Enhancing organ donation in SA – beyond public awareness
Posted on May 22, 2017
My post from last week generated some debate. Opinions regarding whether or not “Bypass movie” could damage SA’s transplant system are polarised. It’s an interesting discussion, but no response has been convincing enough to change my mind – I still think that the film and its advertising have propensity to harm. I’m not going into any more detail; rather, I want to focus on other aspects of transplant which I think are sometimes overlooked.
Why is public awareness in SA such a challenge?
SA is unique and complex. 11 languages are spoken; literacy levels, socio-political and socio-economic statuses differ vastly and people hold differing socio-cultural and religious beliefs. This diversity makes comprehensive public awareness a huge challenge. Moreover, whilst public awareness is important, it is not the panacea for increasing transplant numbers in SA (imho – this really should be the ultimate goal).
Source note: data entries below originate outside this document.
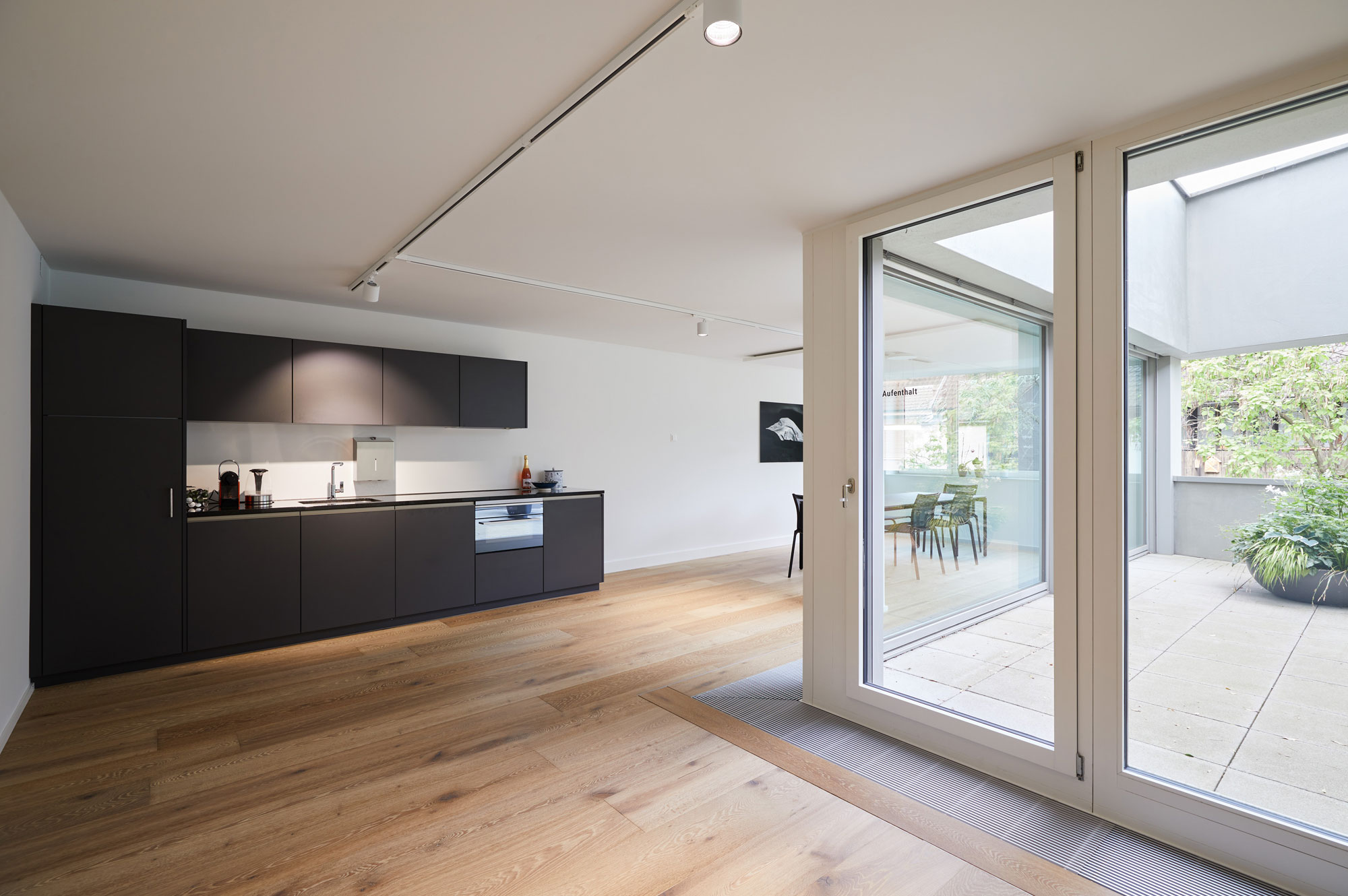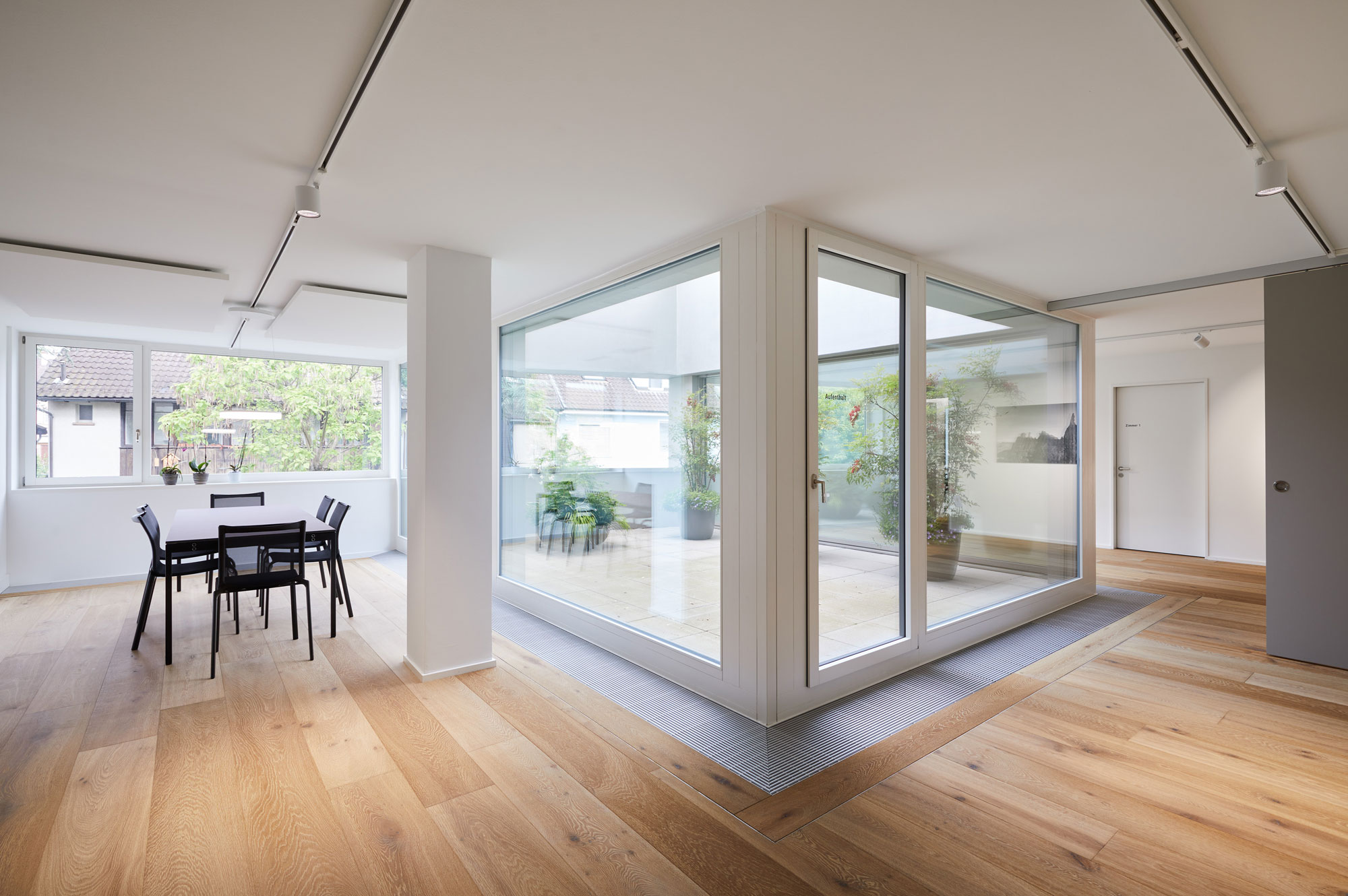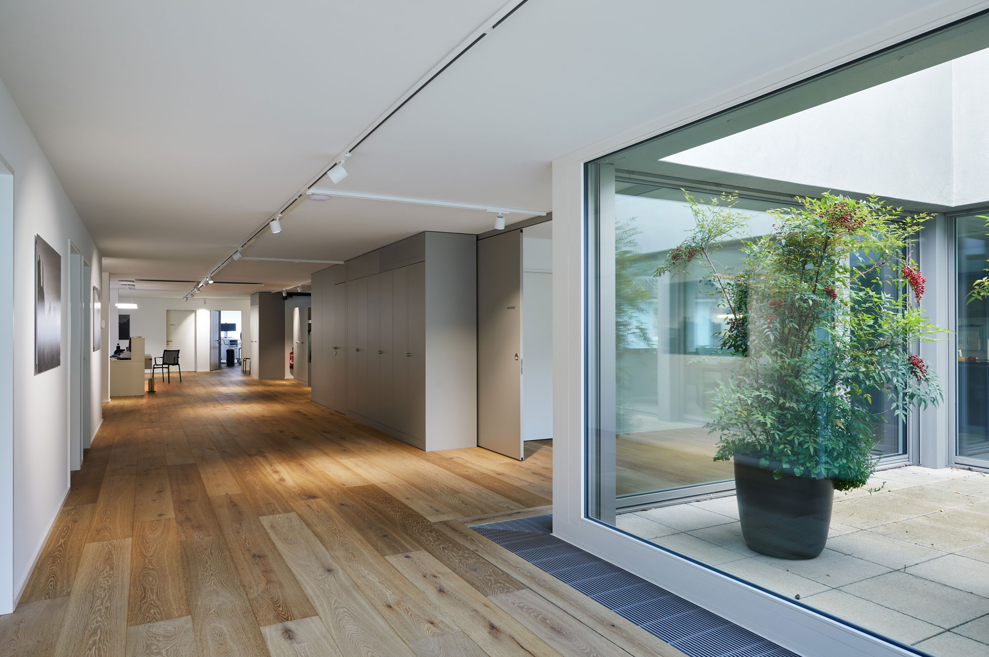 On the second floor of a newly renovated commercial building in Binningen, the orthopaedic practice OrthoPlusBasel was built on a vacant total area of 430 m2. In addition to the reception/waiting area and the treatment rooms, the practice also has a laboratory, an X-ray room, a kitchen and a loggia for the practice team.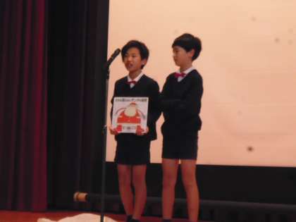 本日の児童集会では、「本の紹介」と「本に関する漫才」がありました。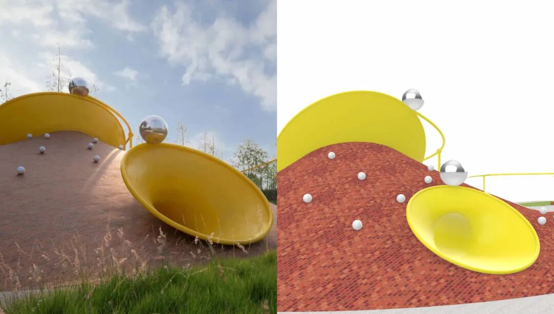 由于乐园的场地是起伏多变的,而且也存在不少异形的小品,所以整个建模过程还是挺有意思的,稍微复杂一些但又不至于太难,很适合没项目做的时候拿来练手……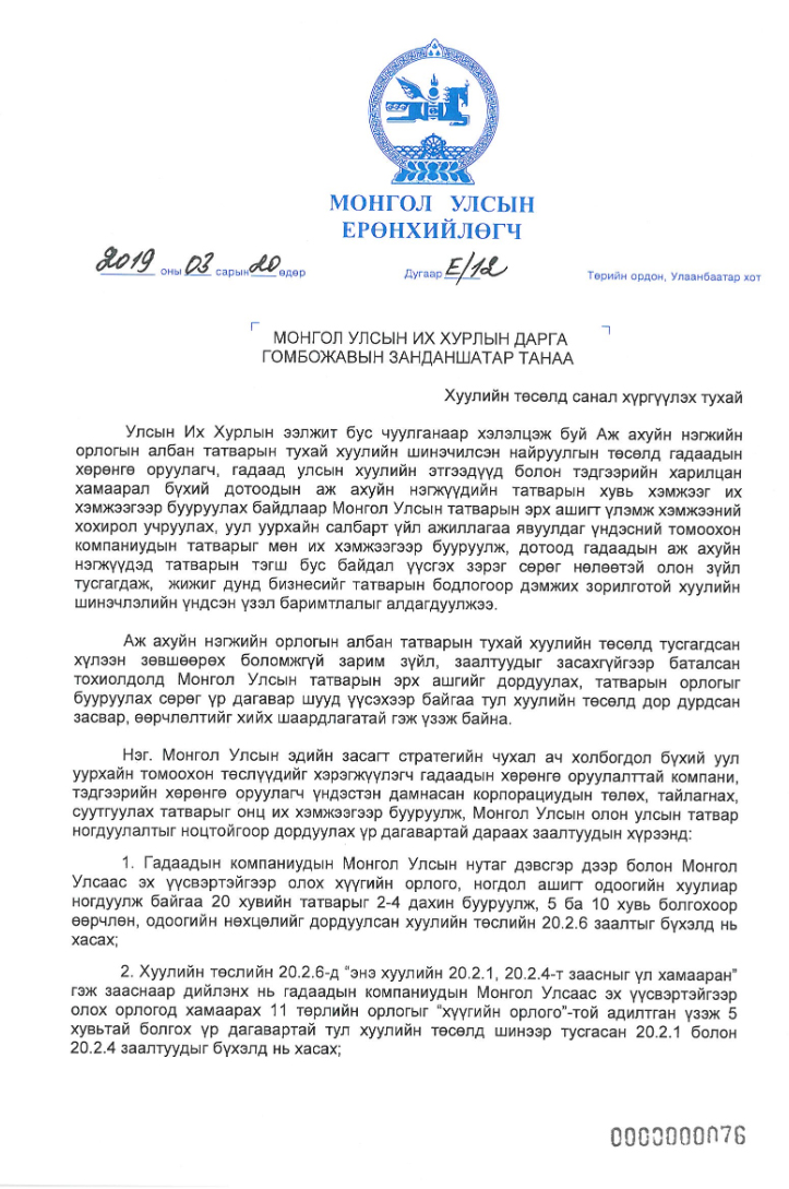 “…Энэхүү хуулийн төсөлд гадаадын хөрөнгө оруулагч, гадаад улсын хуулийн этгээдүүд болон тэдгээрийн харилцан хамаарал бүхий дотоодын аж ахуйн нэгжүүдийн татварын хувь хэмжээг их хэмжээгээр бууруулах байдлаар Монгол Улсын татварын эрх ашигт үлэмж хэмжээний хохирол учруулах, уул уурхайн салбарт үйл ажиллагаа явуулдаг үндэсний томоохон компаниудын татварыг мөн их хэмжээгээр бууруулж, дотоод гадаадын аж ахуйн нэгжүүдэд татварын тэгш бус байдал үүсгэх зэрэг сөрөг нөлөөтэй олон зүйл тусгагдаж, жижиг дунд бизнесийг татварын бодлогоор дэмжих зорилготой хуулийн шинэчлэлийн үндсэн үзэл баримтлалыг алдагдуулжээ…” гэж үзсэн тул хуулийн төсөлд саналаа хүргүүлэв.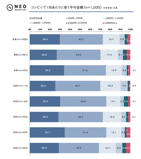 ■コンビニで1回あたりに使う平均金額(n= 1,000)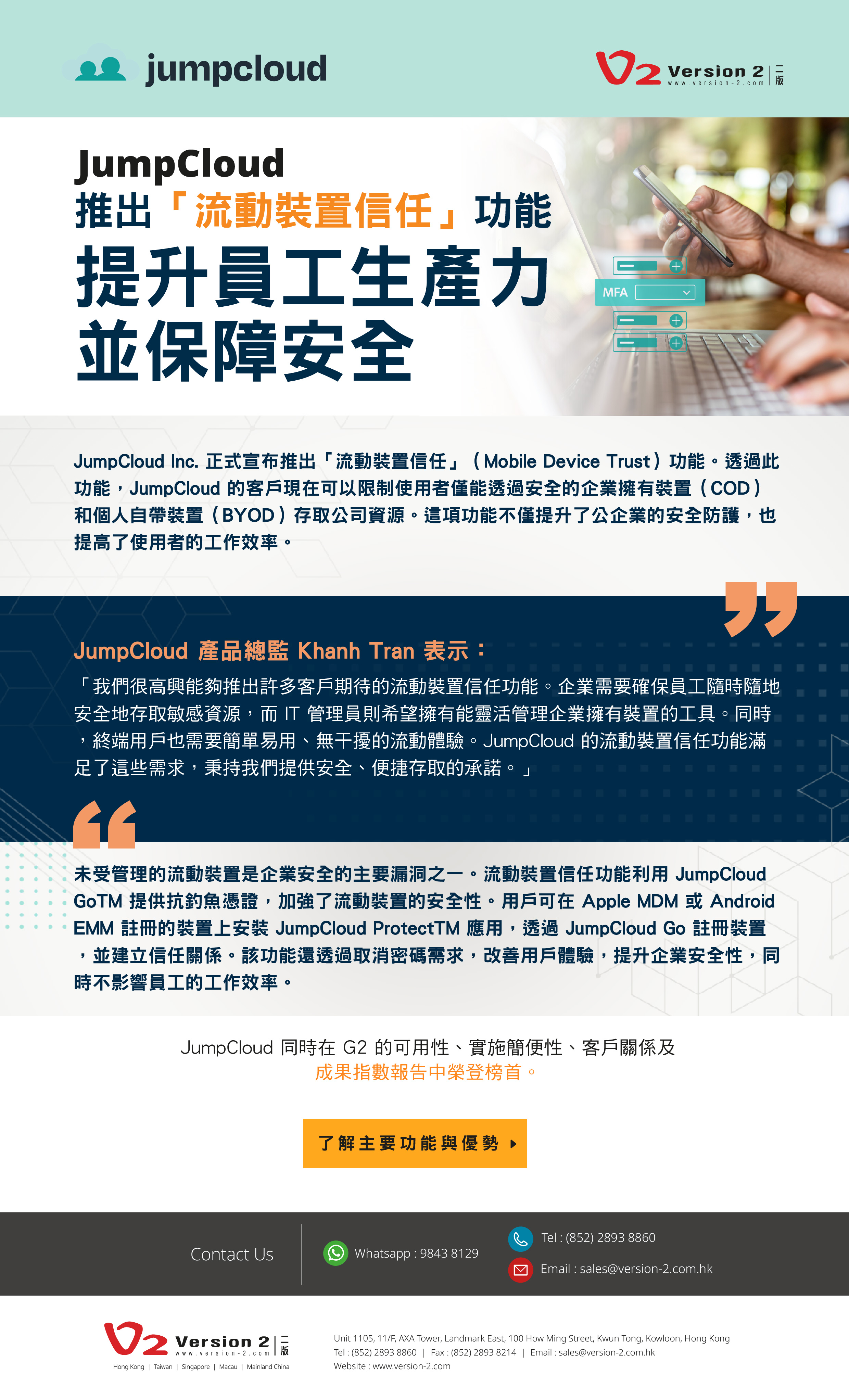 [Live Webinar] 通過 Catalogic DPX 提升資料安全性與靈活性PreviousJumpCloud 宣布推出全新的 SaaS 管理工具 助公司企業對抗揭露「影子 IT」(Shadow IT)NextJumpCloud 推出「流動裝置信任」功能 提升員工生產力並保障安全Posted on 2024-10-21In EDM edm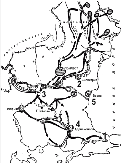 Напишите название обозначенной на карте цифрой «3» крепости, которая в ходе войны длительный период осаждалась основными силами русской армии.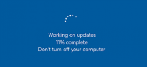 With huge reluctance (because I knew from experience what was about to happen), I duly “saved and closed” my document and waited. Shortly afterwards the screen went blank and a kind of rolling series of dots began circulating in a clockwise direction in the centre of my screen, shortly thereafter signalling that the process was “5% complete” …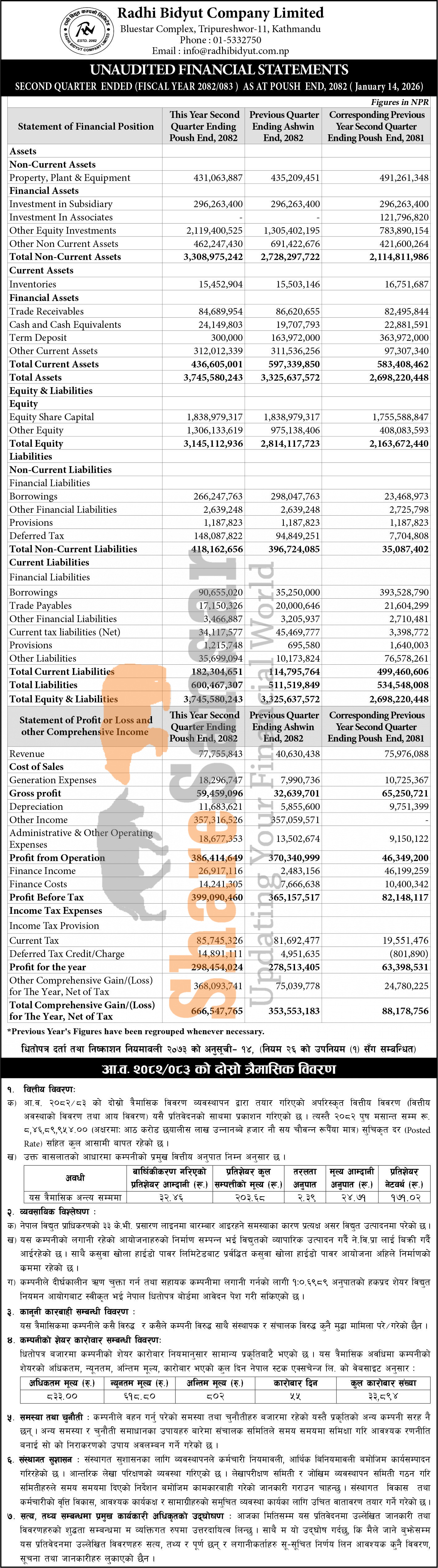 Radhi Bidyut Company Limited has posted a net profit of Rs 298.45 million and published its 2nd quarter company analysis of the fiscal year 2082/83.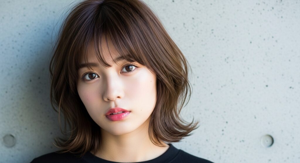 重めのベースながらも、ランダムな動きと絶妙な抜け感が魅力のミディアムスタイル。「こなれ感」と「大人可愛さ」を両立した今っぽいヘアスタイルです。SNSでは「#ゆるふわミディアム」「#こなれミディ」のタグで人気を集めています。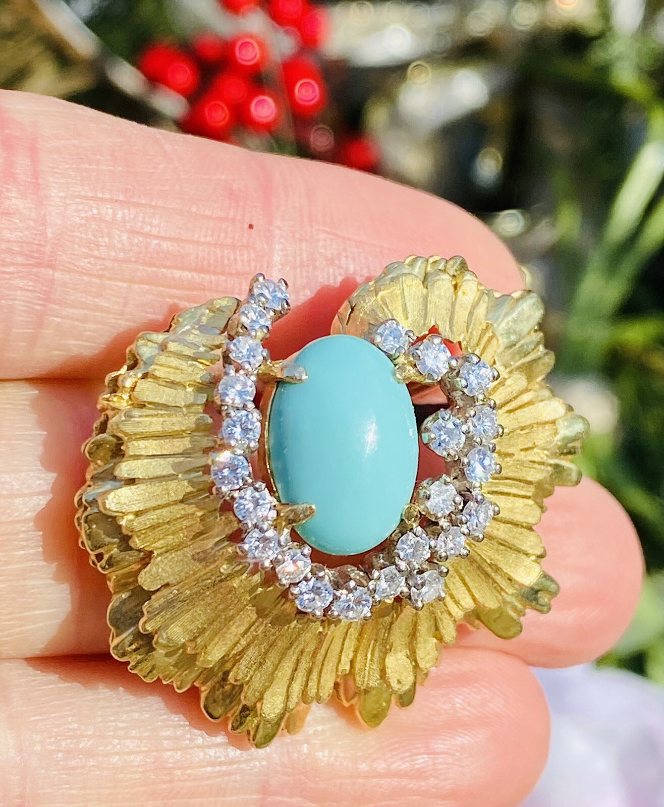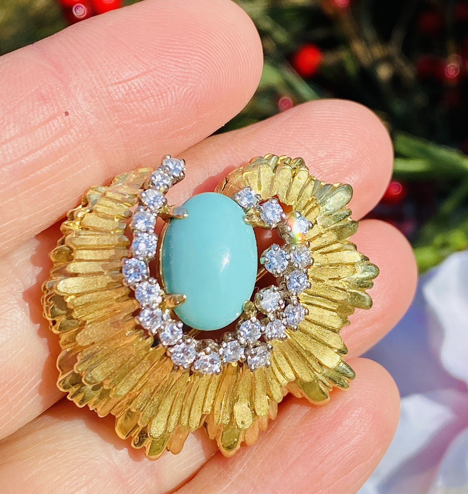 This beautiful pendant piece is set in rich polished and brushed 14k yellow gold with a stunning sunburst design centering a swirl of fine diamonds around a central oval turquoise gemstone. The turquoise measures approximately 14mm x 10mm and the total diamond weight is approximately 1.25 carats. The piece features several pendant loupes on the back for your favorite chain or omega as well as a pin attachment.

Other challenges at ‘clinic level’ also need to be addressed. Some colleagues and I discussed these in a recent academic article.
What’s happening at ‘clinic level’ in our hospitals?
We can conceptualise ‘clinic level’ by thinking of transplant in many layers, like the figure below. Public awareness is an umbrella, but it really comes down to the hospital setting. Here, patients and their families interact with health professionals and consent is sought.
A layered transplant system
In my PhD research I identified a number of ‘barriers to transplant’ at clinic level. A ‘barrier to transplant’ is a situation or perception that might prevent health staff from referring potential donors or might prevent families from consenting to organ donation. Barriers are not always related to public awareness. Rather, they are functions of the hospital environment and the ways information is provided in that setting. You can see these in the figure below.
Clinic level barriers to transplant
What should be done?
In order to overcome some of these barriers here’s what I think we need:
- For all health professionals – Robust training on having difficult conversations with (and breaking bad news to) patients and families
- Focus on empowering and educating nurses – as those spending the most time with patients, nurses are in a unique position to facilitate transplant but they need a solid framework in which to do this.
- A “mandatory referral system” where all patients who are diagnosed as brain-stem dead – or in whom brain-stem death is imminent – are referred to a transplant coordinator. A transplant coordinator is usually a specialist nurse who has trained in transplant and has the skills to ask consent from families.
- A more extensive transplant curriculum for medical and nursing students
- Governmental commitment to clarify transplant legislation, legislate mandatory referral and increase the number of transplant coordinators – especially at state hospitals.
For much more detailed information about the barriers to transplant and recommendations in the blog, please see this article or contact me on the Contact page.
The views published in this blog are entirely my own (informed) opinions. They are open to debate, discussion and disagreement.
 A PhD is a HUGE research project where the candidate goes about exploring or examining a topic in a manner that must be novel and original, and which must significantly add to the body of evidence on a particular topic. In SA, a PhD thesis is generally examined by a number of experts in the field – in my case, a very widely cited transplant professional from Australia, another from SA and a third examiner from Wits. A PhD is also supervised by experts, in my case two professors, one of whom is amongst only a handful of NRF A-rated social scientists in SA. You can see my thesis – all 500 pages of it – here. Happy reading!